**REQUIRED WORK**
Write the listing below out again word for word, without a single picture.

Segment Start: DATASET SECTION

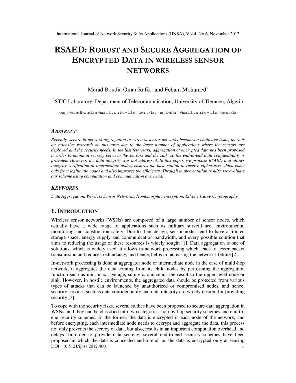 RSAED: Robust and Secure Aggregation of Encrypted Data in Wireless
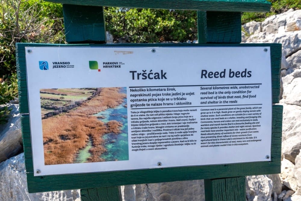 Na području info centra možete dobiti više informacija o Parku prirode, kupiti suvenire s motivima Vranskog jezera, biciklističku i izletničku kartu, a možete i uživati u specijalitetima tradicijske konobe.
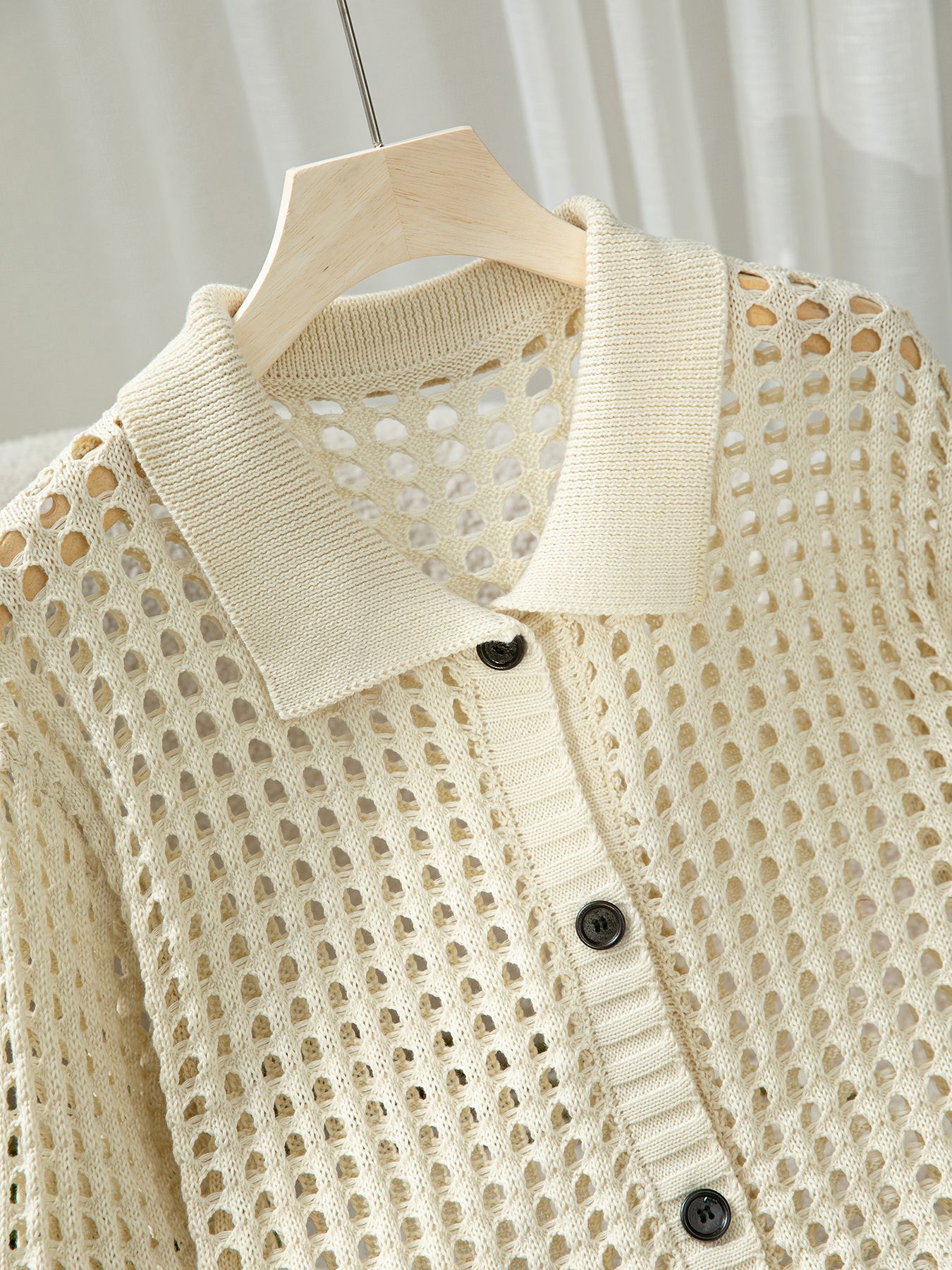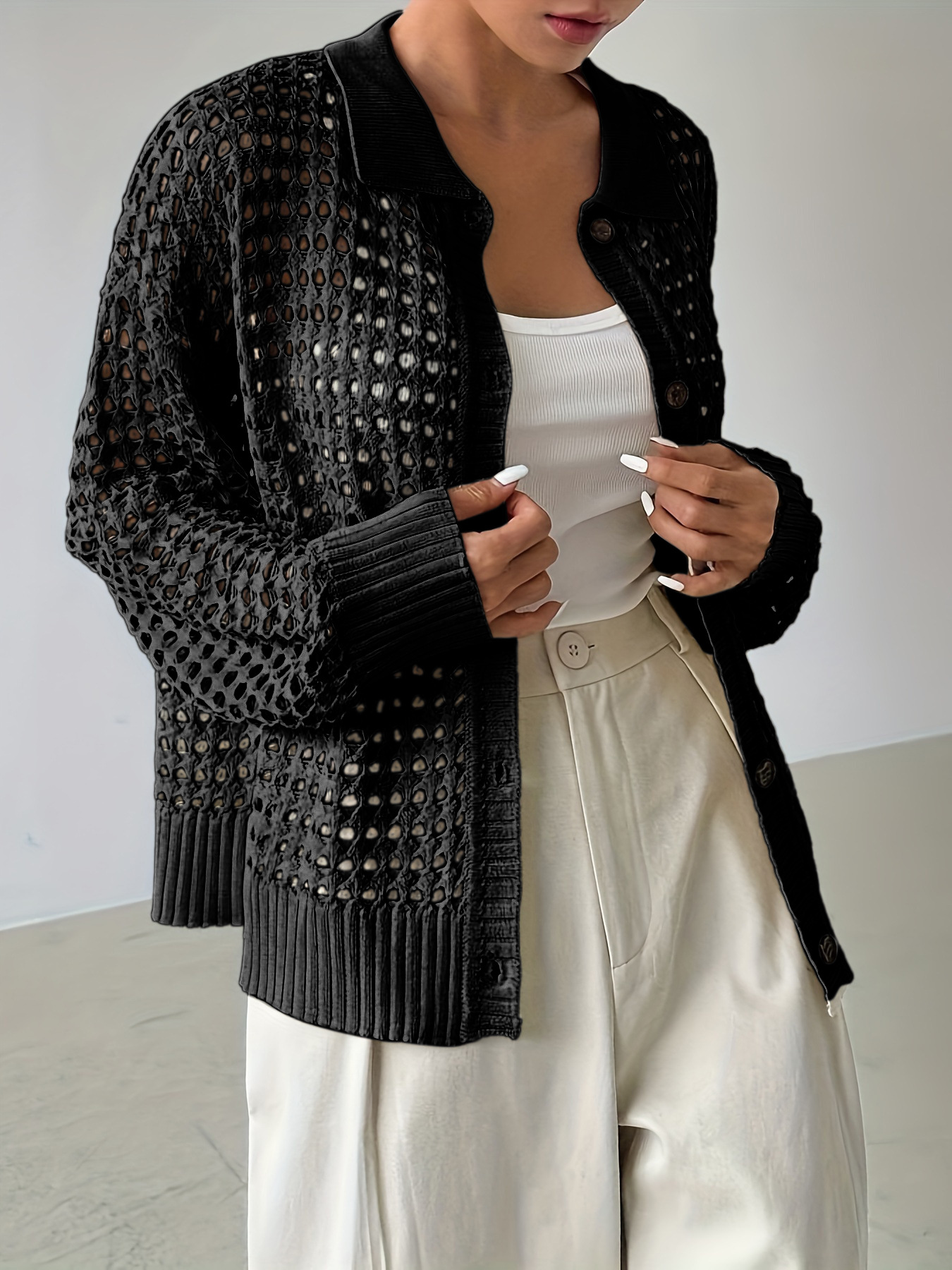 봄 가을 새로운 여성 속이 빈 니트 솔리드 컬러 우아한 휴가 긴 소매 싱글 브레스트 니트 카디건 스웨터 여성
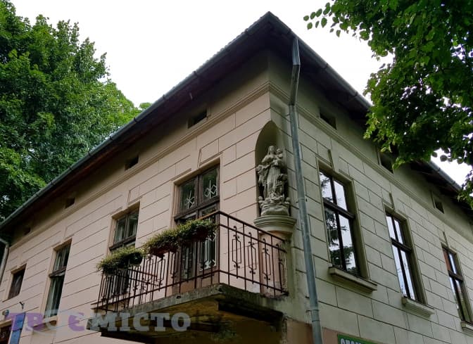 Цікавим є і другий корпус диспансеру в глибині двору з оригінальною наріжною скульптурою Матері Божої.

Segment End: DATASET SECTION

**EXERCISE ANSWER**
 RSAED: Robust and Secure Aggregation of Encrypted Data in Wireless
 Na području info centra možete dobiti više informacija o Parku prirode, kupiti suvenire s motivima Vranskog jezera, biciklističku i izletničku kartu, a možete i uživati u specijalitetima tradicijske konobe.
 봄 가을 새로운 여성 속이 빈 니트 솔리드 컬러 우아한 휴가 긴 소매 싱글 브레스트 니트 카디건 스웨터 여성
 Цікавим є і другий корпус диспансеру в глибині двору з оригінальною наріжною скульптурою Матері Божої.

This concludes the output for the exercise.